Re: [hwloc-users] memory binding on Knights Landing

2016-10-04 Thread Brice Goglin


Le 12/09/2016 04:20, Brice Goglin a écrit :
> So what's really slow is reading sysfs and/or inserting all hwloc
> objects in the tree. I need to do some profiling. And I am moving the
> item "parallelize the discovery" higher in the TODO list :) Brice 

Hello

I ran more benchmarks. What's really slow is the reading of all sysfs
files. About 90% of the topology building time is spent there on KNL.
We're reading more than 7000 files (most of them are 6 files for each
hardware thread and 6 files for each cache).
Reading from sysfs is significantly slower than reading normal files
that are cached (not surprising since the kernel doesn't cache sysfs
file contents).
And reading on KNL is about 30 times slower than on my laptop (70us for
each sysfs file). Don't know why.

And if you have one process doing this on each core simultaneously,
things become up to 30x slower.

Looks like XML is really the way to go on these platforms. One thing
that XML currently misses is cgroup support. You need to export the XML
inside the same cgroup or the topology will be wrong. I am adding an
option to read the current cgroup restrictions from the OS and apply it
to a XML imported topology (must be created outside of all cgroups).

Brice

___
hwloc-users mailing list
hwloc-users@lists.open-mpi.org
https://rfd.newmexicoconsortium.org/mailman/listinfo/hwloc-users


Re: [hwloc-users] memory binding on Knights Landing

2016-09-12 Thread Dave Love
Brice Goglin  writes:

> So what's really slow is reading sysfs and/or inserting all hwloc
> objects in the tree. I need to do some profiling. And I am moving the
> item "parallelize the discovery" higher in the TODO list :)

It didn't seem to scale between systems with the number of sysfs opens,
accounting for differences in processor speed, but I didn't actually
profile.
___
hwloc-users mailing list
hwloc-users@lists.open-mpi.org
https://rfd.newmexicoconsortium.org/mailman/listinfo/hwloc-users


Re: [hwloc-users] memory binding on Knights Landing

2016-09-12 Thread Dave Love
Brice Goglin  writes:

> I am not sure where that hwloc for RHEL on KNL is available from.
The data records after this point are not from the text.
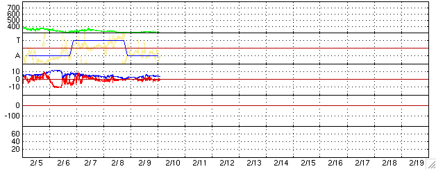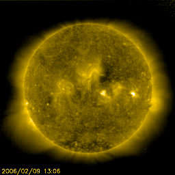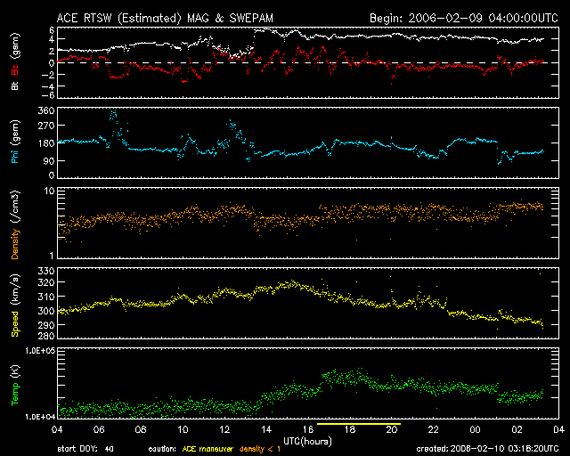 2006/ 2/10 12:19 更新 太陽風は低速で(320km/秒)、磁気圏は穏やかです。これから速度の上昇が始まるでしょう。 担当 篠原 穏やかな状態が続いています。 太陽風は速度300km/秒前後とかなり遅い状態で安定しています。 磁場強度が2nTから4nTに急に強まる変化が見られていますが、 たいした乱れではありません。 オーロラ活動に影響する太陽風磁場の南北成分は、ほとんど0付近にとどまっています。 このように太陽風はとても穏やかで、そのため、地球の磁気圏もとても穏やかです。 AE指数のグラフにはほとんど変化が見えていません。 シベリア磁場も完全に平らなままです。 昨日、一昨日のニュースで述べましたが、 これから、小規模のコロナホールによる太陽風の速度の上昇が発生しそうです。 27日周期の図を参考にすると、今日か明日くらいに始まると思われます。 前回は乱れとしてはそれほど大きなものではなく、500km/秒に上がる程度でした。 今周期も同程度の変化が見られるのではないでしょうか。 太陽のフレア活動はとても穏やかです。 太陽写真に852黒点群の番号が付きましたが、黒点そのものは判別できません。 X線のグラフはほとんど変化がなくなっています。 SOHO衛星のEIT284カメラの映像 (c) SOHO (ESA & NASA)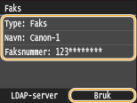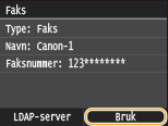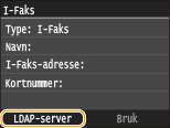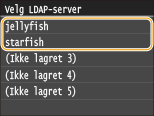 ![]() Hvis godkjenningsskjermbildet vises når du trykker på <Start søk>, angir du brukernavnet for maskinen og passordet som er registrert på LDAP-serveren, og trykker på <Bruk>. Registrere LDAP-servere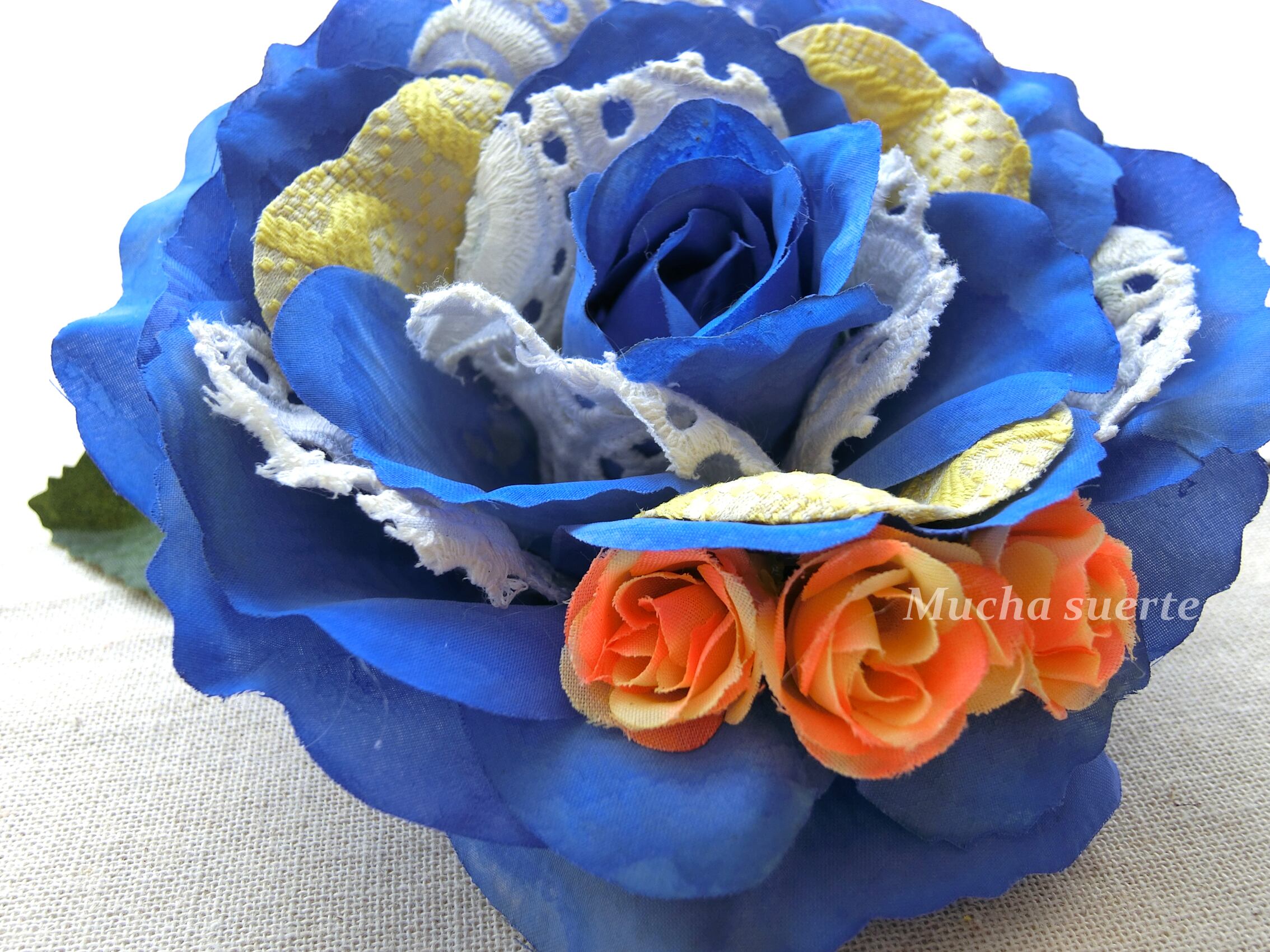ブルーに彩色したポリエステルの花びらに、黄色と生成りのレースコットンの花びらを挿みました。小花をちらして華やかに☆

It
> might be in Intel's "XPPSL" software suite.

I didn't know about that, but it only has hwloc 1.11.2, as in RHEL7
beta, in case the more recent changes for KNL are relevant.

[Because of the nasty packaging, it's not clear what version of the
other things it includes, and at least memkind is incompatible with
what's in EPEL.]
___
hwloc-users mailing list
hwloc-users@lists.open-mpi.org
https://rfd.newmexicoconsortium.org/mailman/listinfo/hwloc-users


Re: [hwloc-users] memory binding on Knights Landing

2016-09-12 Thread Brice Goglin
Le 08/09/2016 19:17, Brice Goglin a écrit :
>
>> By the way, is it expected that binding will be slow on it?  hwloc-bind
>> is ~10 times slower (~1s) than on two-socket sandybridge, and ~3 times
>> slower than on a 128-core, 16-socket system.
> Binding itself shouldn't be slower. But hwloc's topology discovery
> (which is performed by hwloc-bind before actual binding) is slower on
> KNL than on "normal" nodes. The overhead is basically linear with the
> number of hyperthreads, and KNL sequential perf is lower than your other
> nodes.
>
> The easy fix is to export the topology to XML with lstopo foo.xml and
> then tell all hwloc users to load from XML:
> export HWLOC_XMLFILE=foo.xml
> export HWLOC_THISSYSTEM=1
> https://www.open-mpi.org/projects/hwloc/doc/v1.11.4/a00030.php#faq_xml
>
> For hwloc 2.0, I am trying to make sure we don't perform useless
> discovery steps. hwloc-bind (and many applications) don't require all
> topology details. v1.x gathers everything and filters things out later.
> For 2.0, the plan is rather to directly just gather what we need. What
> you can try for fun is:
> export HWLOC_COMPONENTS=-x86 (without the above XML env vars)
> It disables the x86-specific discovery which is useless for most cases
> on Linux.
>

Interesting, this last idea doesn't help. XML is much faster (0.14s),
but normal discovery is still 1s without the x86-specific code.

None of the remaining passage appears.